Читаем Человек напротив полностью

Нет, уже не в точности. Совсем не в точности. Загрохотала, дробя в кровавое месиво и в костную муку все живое, сверхпрочная сталь экономики, легированная извечной нашей способностью переносить верховное самодурство тем с большим смирением, чем с большей яростью его поносят в пустопорожних приятельских и семейных разговорах; извечной нашей страстью на ближних, таких же бесприютных и сирых, срывать зло за унижения и тяготы, наносимые дальними, до которых все равно, хоть на цыпочки встань, не дотянешься… Прямому политическому давлению люди с совестью и чувством чести противостоять могут. Подчас — могут долго противостоять.
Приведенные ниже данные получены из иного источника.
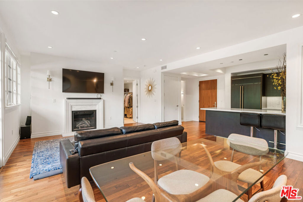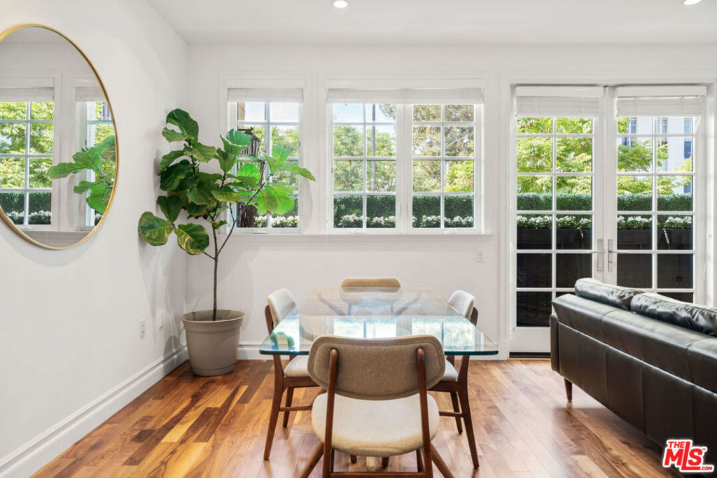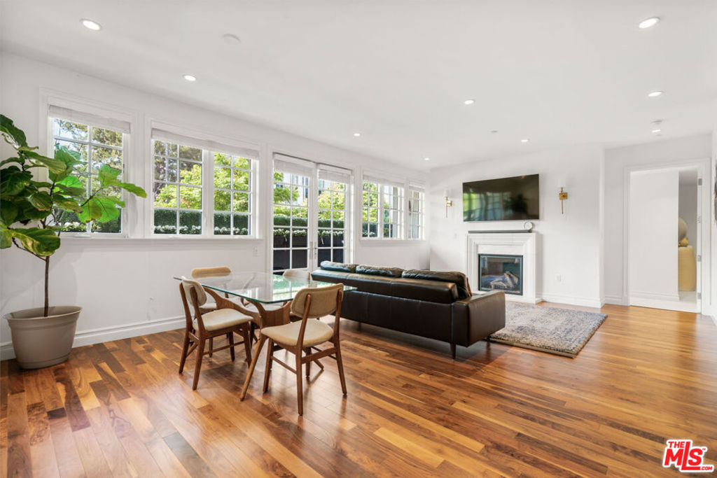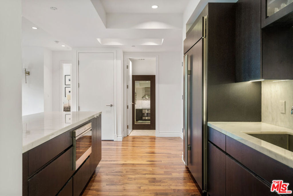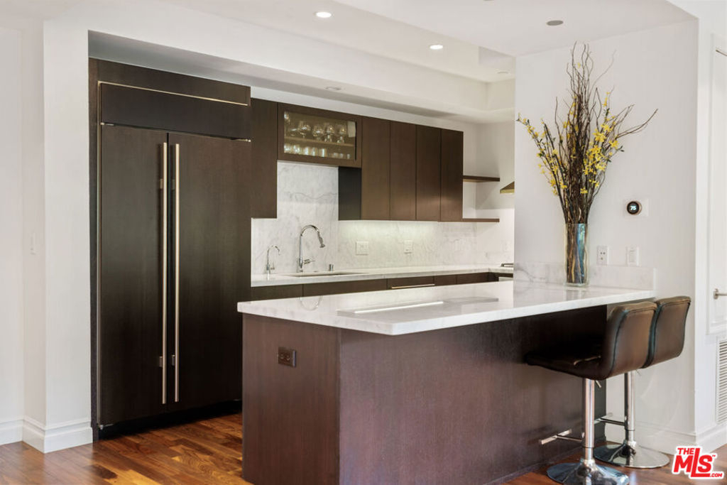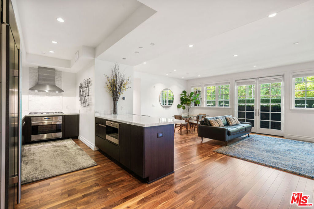 Stunning Spanish Contemporary condo located in Hancock Park. As you enter, you will immediately notice the elegant wood flooring, 9ft ceilings, and a spacious open floor plan with French doors that lead to a private patio. Natural lights flood the unit through the numerous south-facing windows. The gourmet chef's kitchen features dark wood cabinetry and white stone countertops for a sleek look with a Wolf range and oven, Sub-Zero fridge with matching dark cabinet facade, and built-in microwave. Enjoy informal meals at the breakfast bar and entertain with friends in the open living and dining areas. The two-bedroom suites are separated on opposite sides of the unit for complete privacy. Each bedroom has an en-suite bath and a generous walk-in closet. Tastefully appointed bathrooms feature white marble countertops, tiles, and oversized showers plus an additional powder room near the entryway. In-unit washer and dryer. Two separate parking spaces in the secure gated garage. Added bonus is a private storage room that comes with this home. This is the home you have been waiting for!

А люди сильные иногда способны противостоять ему долго и даже успешно, ведь проводниками давления, как правило, являются живые, конкретные противники, требующие сообщить, сознаться, отречься, предать; и, борясь с их домогательствами, упорно отвечая: «Никогда!», смеясь в ответ на запугивания и пытки, человек может гордиться собой, чувствовать себя крепостью света в царстве тьмы, защитником и спасителем тех, чьей крови жаждут дорвавшиеся до власти бандиты. Но некого спасать порядочностью в экономической душедробилке, некому противостоять, некому гордо плевать в лицо — кругом лишь такие же загнанные, обессиленные и одураченные сумасшедшей сутолокой люди, и верность близким приходится проявлять не мужественным хрипением следователю в лицо: «Они не знали… Они не читали…», но всего только унизительным стоянием в бесконечных, часа за два до открытия магазинов собирающихся очередях, каждодневным хитроумным добыванием то аспирина, то ботинок, то подсолнечного масла… и без конца, днем, ночью, за завтраком, в постели, с книжкой в руках или перед телевизором — деньги, деньги, деньги неотвязно… От этой изматывающей и подлой игры — тебе не отказаться, потому что в ней как бы и нет ничего подлого, просто нормальная жизнь, не политика, не идеология — быт; крутись-вертись, и все будет, а вот отказ от нее — действительно подл, и самые дорогие тебе люди рано или поздно тебя же назовут размазней, рохлей, чистоплюем и эгоистом и будут где-то правы, ибо по твоей милости, не по чьей-то, у них меньше денег, чем у таких же, как они и ты, соседей, они голоднее и хуже одеты, они чаще и тяжелее болеют, чем соседи — такие же, как они и ты… и мало-помалу эти самые соседи и начинают казаться тебе единственными противниками — хитрыми, алчными, беспощадными, в борьбе с которыми дозволены любые средства.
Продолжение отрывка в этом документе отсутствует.